• [Material provided]
= = = =
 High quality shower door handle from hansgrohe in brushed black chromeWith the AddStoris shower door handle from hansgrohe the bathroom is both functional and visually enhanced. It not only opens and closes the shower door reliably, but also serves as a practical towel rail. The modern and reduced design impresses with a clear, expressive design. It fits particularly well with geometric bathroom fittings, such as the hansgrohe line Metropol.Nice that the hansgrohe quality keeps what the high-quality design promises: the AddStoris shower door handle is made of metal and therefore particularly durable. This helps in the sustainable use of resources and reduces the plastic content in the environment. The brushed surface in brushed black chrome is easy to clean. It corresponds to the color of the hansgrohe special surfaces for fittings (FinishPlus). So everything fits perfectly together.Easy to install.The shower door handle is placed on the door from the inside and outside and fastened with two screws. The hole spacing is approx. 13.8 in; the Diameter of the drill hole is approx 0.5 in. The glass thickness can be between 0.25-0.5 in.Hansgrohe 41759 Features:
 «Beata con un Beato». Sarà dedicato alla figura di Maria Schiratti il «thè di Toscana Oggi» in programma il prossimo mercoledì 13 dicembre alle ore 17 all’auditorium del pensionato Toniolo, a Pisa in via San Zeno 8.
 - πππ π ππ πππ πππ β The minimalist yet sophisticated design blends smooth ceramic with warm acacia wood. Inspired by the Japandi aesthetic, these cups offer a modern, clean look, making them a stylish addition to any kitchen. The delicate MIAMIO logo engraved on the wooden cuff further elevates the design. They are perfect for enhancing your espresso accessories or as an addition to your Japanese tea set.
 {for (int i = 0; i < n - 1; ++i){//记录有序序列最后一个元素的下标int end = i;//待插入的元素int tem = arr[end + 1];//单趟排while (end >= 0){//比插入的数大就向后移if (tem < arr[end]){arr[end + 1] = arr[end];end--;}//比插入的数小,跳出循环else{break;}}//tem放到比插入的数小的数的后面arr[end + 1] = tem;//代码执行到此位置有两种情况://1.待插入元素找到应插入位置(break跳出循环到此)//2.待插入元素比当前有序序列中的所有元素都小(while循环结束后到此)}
= = = =
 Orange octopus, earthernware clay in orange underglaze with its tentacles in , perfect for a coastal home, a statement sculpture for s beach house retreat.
= = = =
• [Your assignment] Where in the records above does the word "clean" appear? Copy each line that holds it.

• [Exercise response]
 High quality shower door handle from hansgrohe in brushed black chromeWith the AddStoris shower door handle from hansgrohe the bathroom is both functional and visually enhanced. It not only opens and closes the shower door reliably, but also serves as a practical towel rail. The modern and reduced design impresses with a clear, expressive design. It fits particularly well with geometric bathroom fittings, such as the hansgrohe line Metropol.Nice that the hansgrohe quality keeps what the high-quality design promises: the AddStoris shower door handle is made of metal and therefore particularly durable. This helps in the sustainable use of resources and reduces the plastic content in the environment. The brushed surface in brushed black chrome is easy to clean. It corresponds to the color of the hansgrohe special surfaces for fittings (FinishPlus). So everything fits perfectly together.Easy to install.The shower door handle is placed on the door from the inside and outside and fastened with two screws. The hole spacing is approx. 13.8 in; the Diameter of the drill hole is approx 0.5 in. The glass thickness can be between 0.25-0.5 in.Hansgrohe 41759 Features:
 - πππ π ππ πππ πππ β The minimalist yet sophisticated design blends smooth ceramic with warm acacia wood. Inspired by the Japandi aesthetic, these cups offer a modern, clean look, making them a stylish addition to any kitchen. The delicate MIAMIO logo engraved on the wooden cuff further elevates the design. They are perfect for enhancing your espresso accessories or as an addition to your Japanese tea set.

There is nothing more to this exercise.